TASK DIRECTIONS: Everything below from the line with "Inspiration: I was" through the line with "梁亮在發(fā)言中回憶了自" should be copied exactly, and nothing else; leave out the pictures.

PROVIDED RECORDS:

+---+

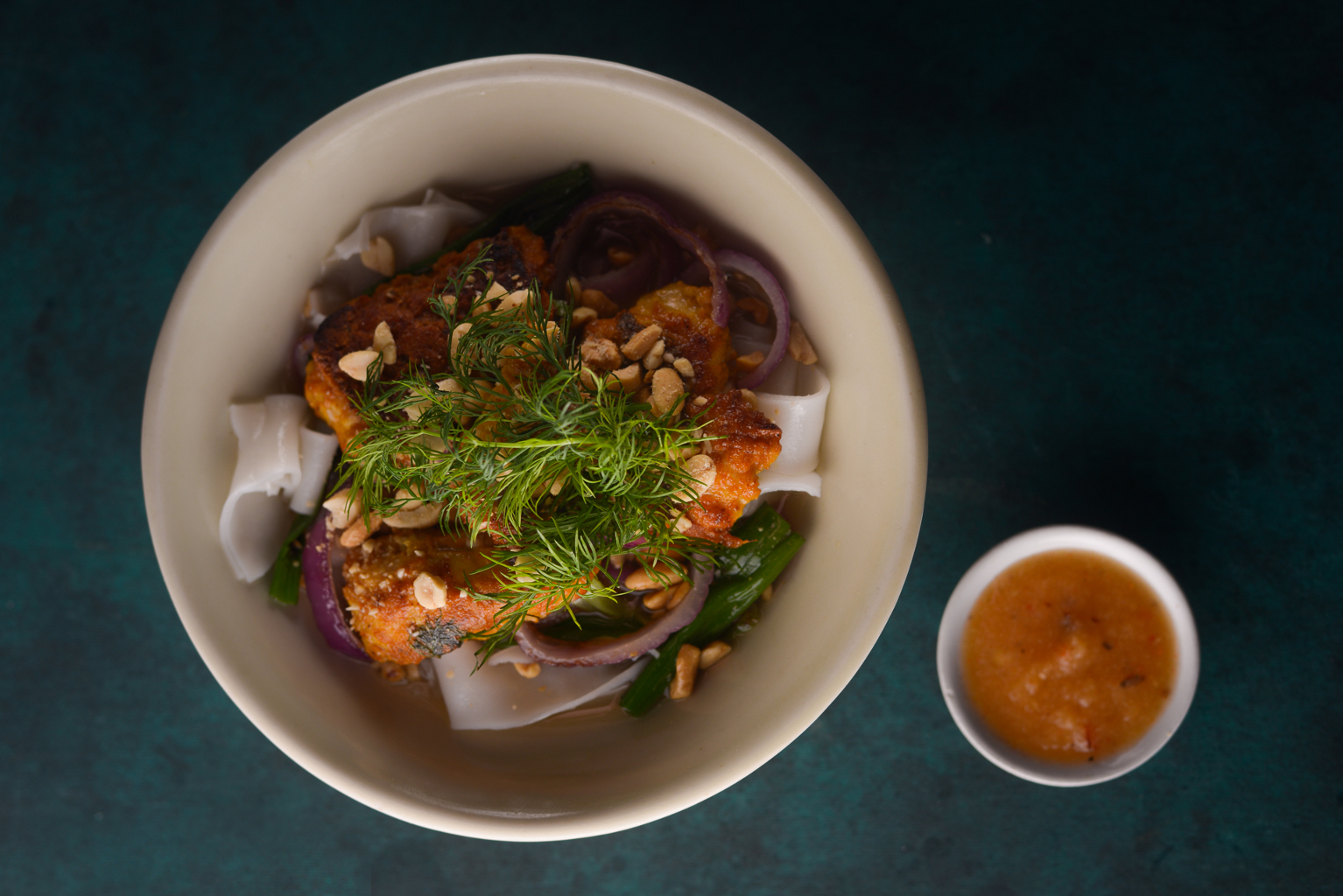• Cha ca - Salteado de pescado marinado en cúrcuma y eneldo. Fideos de arroz. Pickles. Hierbas. Salsa nouc cham tibia
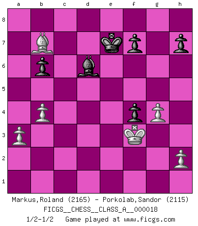 Last move : 1/2-1/2 2007 October 8 20:5:52 [Event "FICGS__CHESS__CLASS_A__000018"] [Site "FICGS"] [Date "2007.03.07"] [Round "1"] [White "Markus,Roland"] [Black "Porkolab,Sandor"] [Result "1/2-1/2"] [WhiteElo "2165"] [BlackElo "2115"] 1.e4 c5 2.c3 Nf6 3.e5 Nd5 4.Nf3 Nc6 5.Bc4 Nb6 6.Be2 d6 7.exd6 e5 8.d4 cxd4 9.cxd4 Bxd6 10.dxe5 Nxe5 11.Nxe5 Bxe5 12.Qxd8+ Kxd8 13.Nc3 Bd7 14.Be3 Rc8 15.O-O Re8 16.Rfd1 Re7 17.Bxb6+ axb6 18.Nd5 Re6 19.Rd2 Ke8 20.Rad1 g6 21.f4 Bb8 22.g3 Bd6 23.Kf1 Bc5 24.Nf6+ Rxf6 25.Rxd7 g5 26.Bf3 Kf8 27.Bxb7 Re8 28.a3 gxf4 29.g4 Re7 30.b4 Rxd7 31.Rxd7 Rd6 32.Rxd6 Bxd6 33.Ke2 Ke7 34.Kf3 1/2-1/2 Sicilian : Alapin's variation (2.c3) Kingside Castling by player White (move 15) This chess game ended in a draw. Follow this game move after move (download)Winning isn't everything... but losing is nothing. (Mednis) Schach ist ein Kampf gegen den Fehler. (Johannes Herrman Zukertort) Es muy difícil jugar en contra de la teoría de Einstein. - en su primera derrota en contra de Fischer (Mikhail Tal) Je ne crois pas en la psychologie, je crois aux bons coups. (Robert Fischer) Any activity becomes creative when the doer cares about doing it right or doing it better. (John Updike)
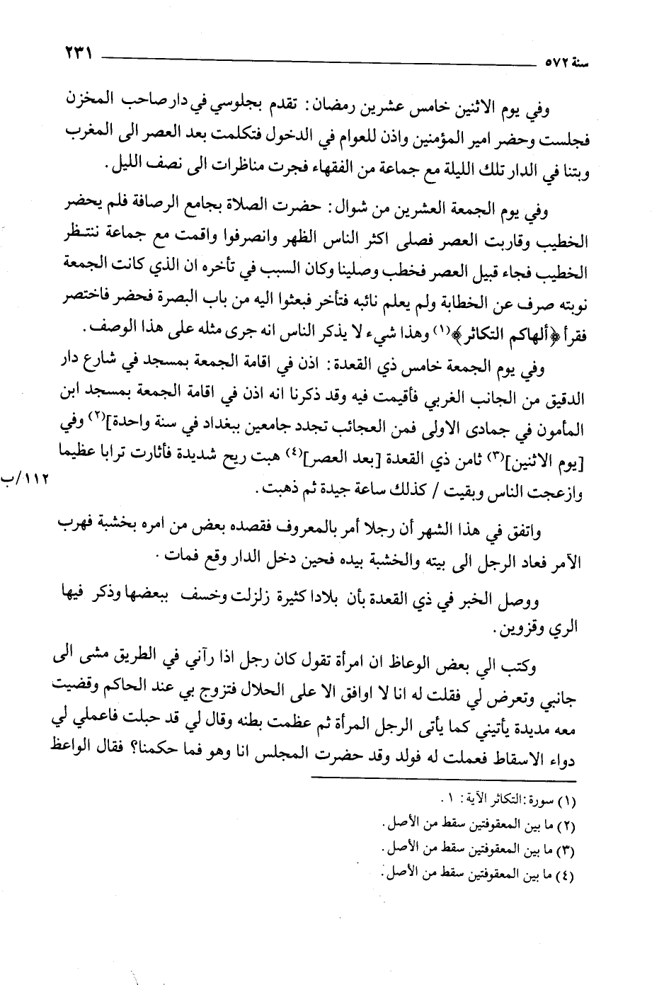 وفي يوم الجمعة العشرين من شوال: حضرت الصلاة بجامع الرصافة فلم يحضر الخطيب وقاربت العصر فصلى أكثر الناس الظهر وانصرفوا وأقمت مع جماعة ننتظر الخطيب فجاء قبيل العصر فخطب وصلينا وكان السبب في تأخره ان الذي كانت الجمعة نوبته صرف عن الخطابة ولم يعلم نائبه فتأخر فبعثوا إليه من باب البصرة فحضر فاختصر فقرأ أَلْهاكُمُ التَّكاثُرُ 102: 1 [1] وهذا شيء لا يذكر الناس أنه جرى مثله على هذا الوصف.
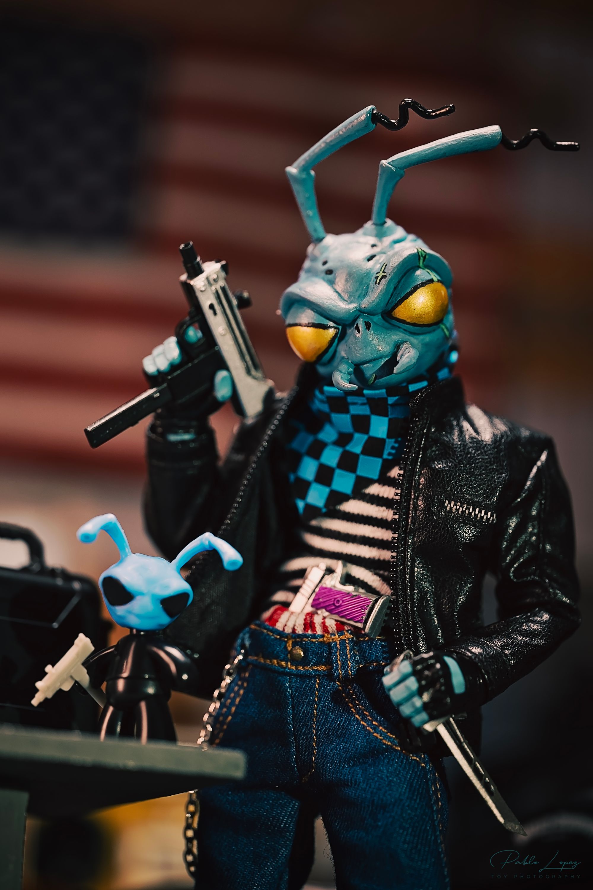 Inspiration: I was inspired to take this photo by the surprise reveal posted on Saturday for Rumble Con 2023, the Gomez Biker set. I like the idea of Rumble Society characters being a part of a Motorcycle club/gang. The custom-painted head of Gomez was done by my friend @redeemercustom, I had requested for him to paint it to match the Vapor body because I love the smaller body and wanted a shorter Gomez Character which I named Azure, which means Blue. The shirt used is from the PSCC gig from hell set and the bandana, the jacket is from Cuzin Eddi, and weapons from the Joker deluxe edition and Hawk P-40 added a chain to finish the look.
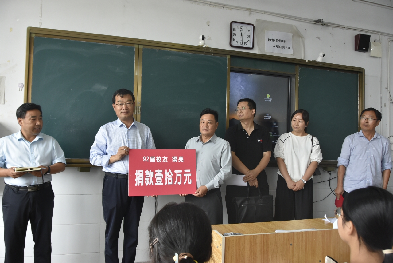 梁亮在發(fā)言中回憶了自己在母校求學(xué)時(shí)的點(diǎn)點(diǎn)滴滴,他感恩母校老師當(dāng)年的辛勤培養(yǎng),解釋了捐贈(zèng)的初衷,并莊嚴(yán)承諾:只要自己的企業(yè)不倒閉,就會(huì)把這項(xiàng)公益事業(yè)一直做下去。他希望“大梁班”全體同學(xué)聽老師的話,做規(guī)范的事。不怕苦,不怕累,找對(duì)學(xué)習(xí)方法,合理分配時(shí)間,想法設(shè)法提高學(xué)習(xí)效率,抵制一切不良誘惑,一心用在學(xué)習(xí)上。他祝愿全體同學(xué)都能考入自己理想的大學(xué),一定會(huì)實(shí)現(xiàn)自己的夢想!
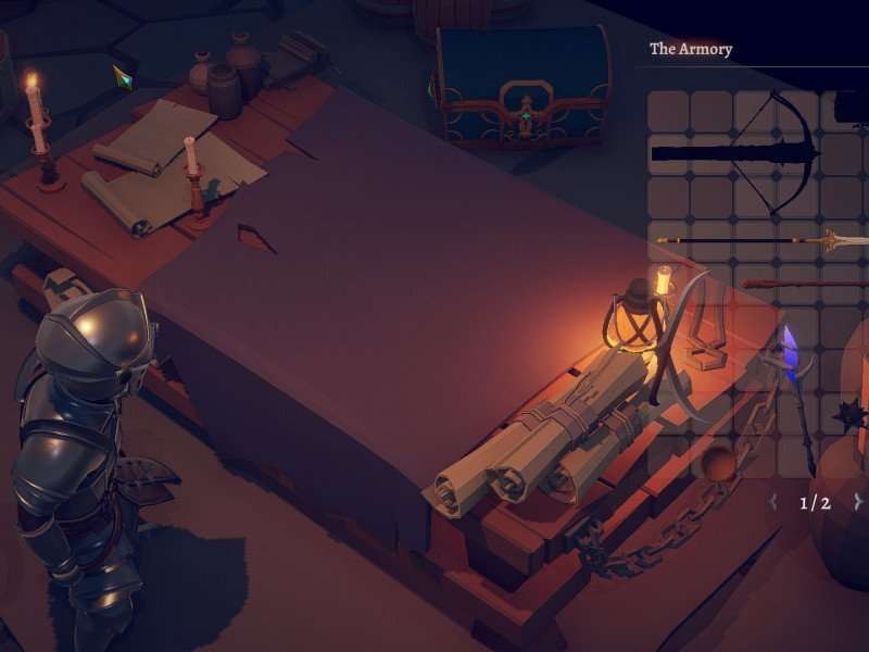 Le système de combat est donc extrêmement similaire à celui d'autres œuvres, comme Keeper's Toll, récemment testé, malgré quelques différences notables. Si le système de combat automatique reste le même – c'est-à-dire que les armes que l'on équipe progressivement agissent de manière autonome, frappant les ennemis en fonction de leurs priorités et de leur portée –, on retrouve également un nouveau système de gestion d'inventaire . Ou plutôt… inédit pour ce type de titre, puisque la structure du gameplay est empruntée textuellement à Resident Evil , et plus précisément au quatrième volet. Après chaque arène, nous aurons l'occasion essentielle de gérer notre inventaire, composé d'une série de cases. Ces cases peuvent augmenter en nombre à mesure que nous gagnons des niveaux en éliminant des ennemis. Plus de cases, plus d'espace pour stocker des objets. Quels objets ? Des armes, de l'équipement défensif et bien plus encore. Chaque objet a un coût, et les pièces , comme l'expérience, doivent être gagnées sur le champ de bataille. De plus, chaque objet occupe un espace spécifique, qui se traduit par un nombre de cases consécutives. Par exemple, une dague occupe trois cases en ligne droite, tandis qu'une petite faucille occupe trois cases plus une sur le côté pour sa pointe courbée. La gestion de l'espace est la base d'une configuration efficace qui nous permettra d'atteindre le boss final tant convoité.
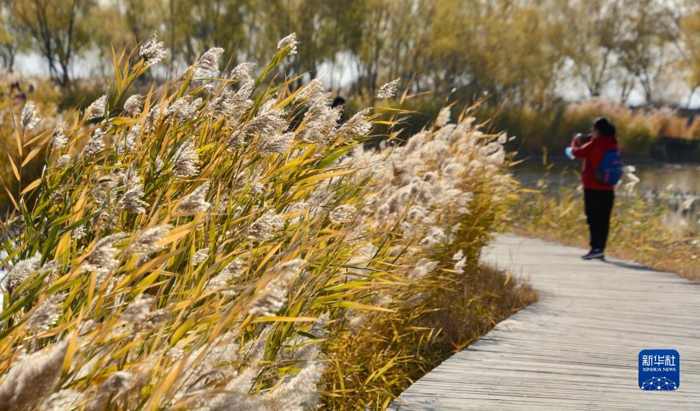 游人在北京野鴨湖國家濕地公園內賞秋(11月1日攝)。
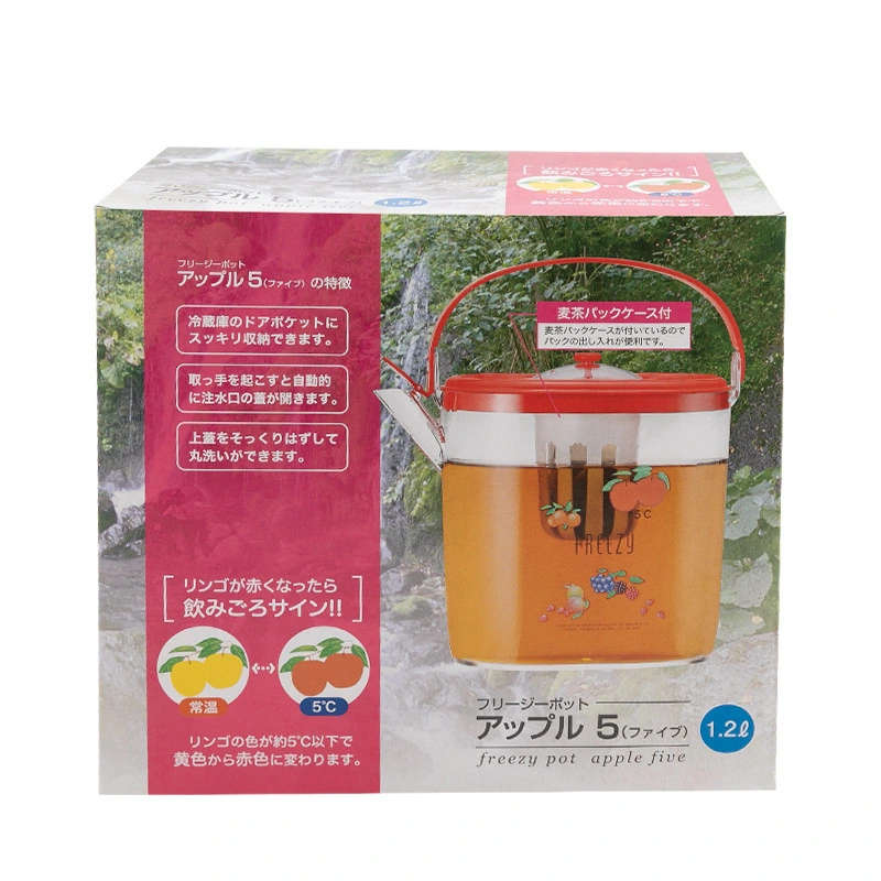 Bình pha trà kèm lưới lọc Ishi maru 1,2L xuất xứ Nhật Bản Thương hiệu: JAPAN Sản xuất tại Nhật Bản. Hàng nhập trực tiếp từ Nhật Dung tích: 1,2 lít Kích thước sản phẩm: 18,1 × 9,1cm × 21cm (Dung tích chứa đầy: 1.2L) Trọng lượng: 230g Sản phẩm có màu nắp Đỏ, kèm theo Lọc trà Trắng Khả năng chịu nhiệt từ: -20oC tới 120oC Thành phần: Nhựa PP kháng khuẩn, không mùi, không độc hại, khẳ năng chịu nhiệt nóng, lạnh tốt (An toàn khi sử dụng) Công dụng: Dùng uống nước, pha trà. Có rây lọc kèm theo giúp việc pha và vệ sinh bình trà sau khi uống trở nên dễ dàng. Bình có dung tích lớn, thích hợp sử dụng khi đông người Đặc biệt: Bình có tem nhãn đổi màu báo nhiệt độ nước trên hoặc dưới 5 độ C Quả táo vàng là nhiệt độ nước bình thường trên 5 độ C Quả táo đỏ là nhiệt độ nước dưới 5 độ C Đặc điểm nổi bật

+---+

EXPECTED ANSWER:
 Inspiration: I was inspired to take this photo by the surprise reveal posted on Saturday for Rumble Con 2023, the Gomez Biker set. I like the idea of Rumble Society characters being a part of a Motorcycle club/gang. The custom-painted head of Gomez was done by my friend @redeemercustom, I had requested for him to paint it to match the Vapor body because I love the smaller body and wanted a shorter Gomez Character which I named Azure, which means Blue. The shirt used is from the PSCC gig from hell set and the bandana, the jacket is from Cuzin Eddi, and weapons from the Joker deluxe edition and Hawk P-40 added a chain to finish the look.
 梁亮在發(fā)言中回憶了自己在母校求學(xué)時(shí)的點(diǎn)點(diǎn)滴滴,他感恩母校老師當(dāng)年的辛勤培養(yǎng),解釋了捐贈(zèng)的初衷,并莊嚴(yán)承諾:只要自己的企業(yè)不倒閉,就會(huì)把這項(xiàng)公益事業(yè)一直做下去。他希望“大梁班”全體同學(xué)聽老師的話,做規(guī)范的事。不怕苦,不怕累,找對(duì)學(xué)習(xí)方法,合理分配時(shí)間,想法設(shè)法提高學(xué)習(xí)效率,抵制一切不良誘惑,一心用在學(xué)習(xí)上。他祝愿全體同學(xué)都能考入自己理想的大學(xué),一定會(huì)實(shí)現(xiàn)自己的夢想!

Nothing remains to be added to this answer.